◆ Instructions for the task:
Reproduce, exactly and in full, only the lines below from the one containing "وذكر بيان لوزارة" through the one containing "Appartement NEUF 4".

◆ Task input:
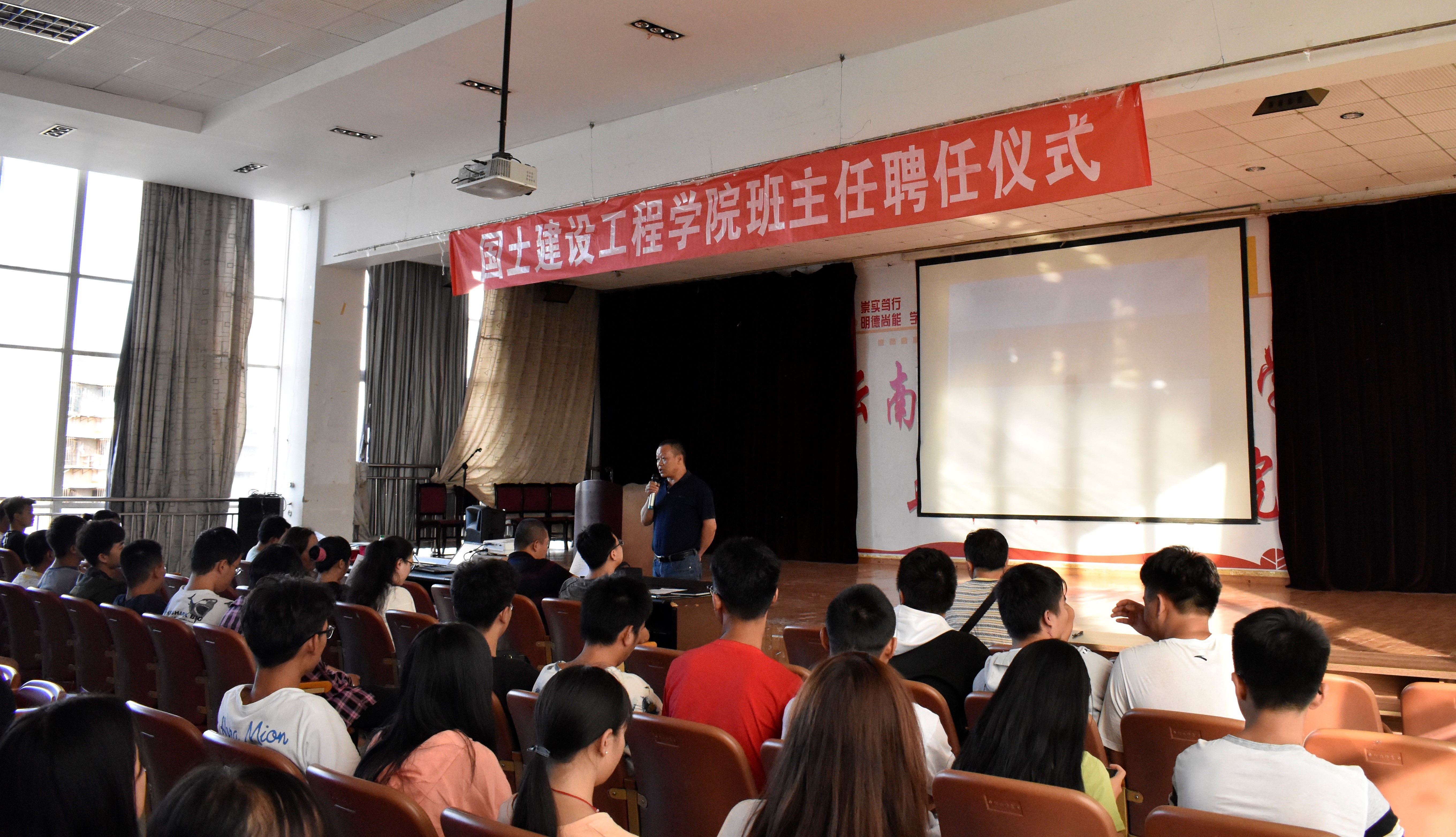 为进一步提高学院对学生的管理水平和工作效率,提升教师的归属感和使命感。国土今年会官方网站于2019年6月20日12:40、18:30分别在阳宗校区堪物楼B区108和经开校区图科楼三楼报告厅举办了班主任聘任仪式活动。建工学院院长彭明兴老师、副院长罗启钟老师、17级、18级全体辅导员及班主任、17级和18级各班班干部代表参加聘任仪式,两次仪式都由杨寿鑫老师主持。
* * *
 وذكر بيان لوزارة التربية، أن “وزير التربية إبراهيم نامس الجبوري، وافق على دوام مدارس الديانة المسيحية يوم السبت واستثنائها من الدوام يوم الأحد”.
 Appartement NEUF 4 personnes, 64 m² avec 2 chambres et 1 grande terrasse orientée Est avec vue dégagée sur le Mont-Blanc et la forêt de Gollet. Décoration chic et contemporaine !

◆ Expected output:
 وذكر بيان لوزارة التربية، أن “وزير التربية إبراهيم نامس الجبوري، وافق على دوام مدارس الديانة المسيحية يوم السبت واستثنائها من الدوام يوم الأحد”.
 Appartement NEUF 4 personnes, 64 m² avec 2 chambres et 1 grande terrasse orientée Est avec vue dégagée sur le Mont-Blanc et la forêt de Gollet. Décoration chic et contemporaine !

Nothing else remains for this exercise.